Sometimes you may find it difficult to visualize text data. This section provides some exercises that give you insight into how you may modify your text features for improved performance.

#### 4.A. Understand sparse matrices and the transform

**For email index 1, print(a list of words and counts, sorted by descending count.** Use only the `train_X` sparse matrix along with the `get_feature_names()` method of your vectorizer. The index of each column in `train_X` refers to a word. That word is given by the element at that same index in `get_feature_names()`!

In [53]:
pd.DataFrame(X,columns=cv.get_feature_names()).head()

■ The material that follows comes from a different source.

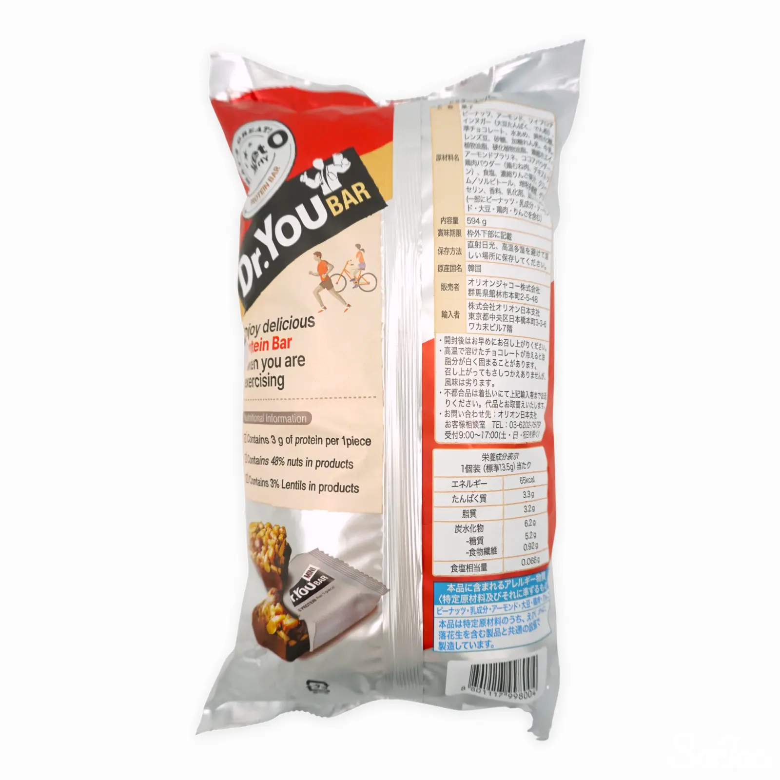 | 原材料名 | ピーナッツ、アーモンド、ソイプロテインヌガー(大豆たんぱく、でん粉)、準チョコレート、水あめ、異性化糖、レンズ豆、砂糖、加糖れん乳、牛乳、植物油脂、硬化植物油脂、濃縮ホエイ、アーモンドプラリネ、ココアパウダー、鶏肉パウダー(鶏むね肉、デキストリン)、食塩、濃縮りんご果汁、クリーム/ソルビトール、増粘多糖類、グリセリン、香料、乳化剤、加工でんぷん、(一部にピーナッツ・乳成分・アーモンド・大豆・鶏肉・りんごを含む) |

Unnamed: 0,00,000,0000,00000,000000,000000000,000000000000000000000,00000053,0000006f,00000073,...,žùœãçç,žùœãžâ,žùž,žþàìå,žþàï,žþàïà,žþàïàº,žþàïáöœòžâ,žœàœ,žš
0,1,0,1,0,0,0,0,0,0,0,...,0,0,0,0,0,0,0,0,0,0
1,0,0,2,0,0,0,0,0,0,0,...,0,0,0,0,0,0,0,0,0,0
2,0,0,0,0,0,0,0,0,0,0,...,0,0,0,0,0,0,0,0,0,0
3,0,0,1,0,0,0,0,0,0,0,...,0,0,0,0,0,0,0,0,0,0
4,3,0,1,0,0,0,0,0,0,0,...,0,0,0,0,0,0,0,0,0,0


- Notice that the most common words in the email are garbage words from the email header! 
- You can likely improve your model by filtering these in some way.

#### 4.B. Using a histogram, visualize the number of emails each word is in.

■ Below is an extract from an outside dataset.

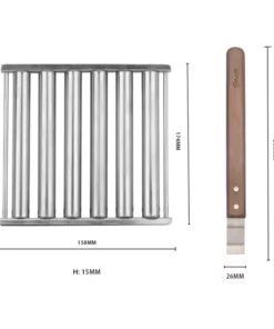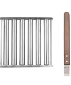 This simple hot dog roll cooker measures 174mm*158mm and is made of stainless steel. Its hardwood handle is 300mm long and easily removable to minimize burns when you use the hot dog roller

What distribution is it? From this histogram, will most words in your model be noise or signal? Seeing this histogram, what can you likely do to improve your model? (Hint: To quickly graph this, use `np.sum` on the dense matrix `X` of word counts!)

#### 4.C. Using a histogram, visualize the number of words each email contains.

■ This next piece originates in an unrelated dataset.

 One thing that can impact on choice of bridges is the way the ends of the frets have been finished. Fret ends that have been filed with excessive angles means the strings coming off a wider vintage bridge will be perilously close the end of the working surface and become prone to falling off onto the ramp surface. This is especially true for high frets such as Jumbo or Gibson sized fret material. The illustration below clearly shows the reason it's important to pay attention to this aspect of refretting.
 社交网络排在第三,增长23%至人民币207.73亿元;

What is the distribution? Are there any outlier emails? Can you find an explanation why there is there likely a spike in the histogram (e.g. are the emails in this dataset of a particular type?) 

- Plot the distribution of number of words for spam emails on top of the distribution for ham emails! Would this be a useful additional feature?

### 5. Estimate generalization accuracy

Use `cross_val_score` with the models `BernoulliNB` and `MultinomialNB` to assess how well these models classify emails. Can you guess why one may perform better than the other?

### 6. Confusion matrix and Classification report

Recall that to make a confusion matrix, we will need a specific split. So, use `test_train_split`, manually fit the model using the best performer, then find the confusion matrix and classificaation report (in the `metrics` package). Is your model worse at Type I or Type II errors?

### 7. Test your model on the hard_ham

Does it perform as well?

### 8. Improve your model by looking at mispredictions

print(the most common words in your false positives of the hard hams versus the spams. (Perhaps write a function of step 4A. Consider using a `collections.Counter` to combine the counts!) Does comparing the most frequent words in the hard ham to those in the spam give you some ideas for how to distinguish between them? What extra features might you add to your model?

### Extensions

- Can you improve the score on the hard ham?
- Try to improve your model by changing or tweaking the model type. (e.g. LogisticRegression/RandomForests) Why do bigrams result in a lower accuracy? (Because nearly all of them are single-email, so they actually add MORE noise!)
- Remove features from your model, e.g. junk words.
- Add additional features to your model. Can you specifically come up with ideas that might detect spam vs. ham? For example, does an email have an unsubscribe link?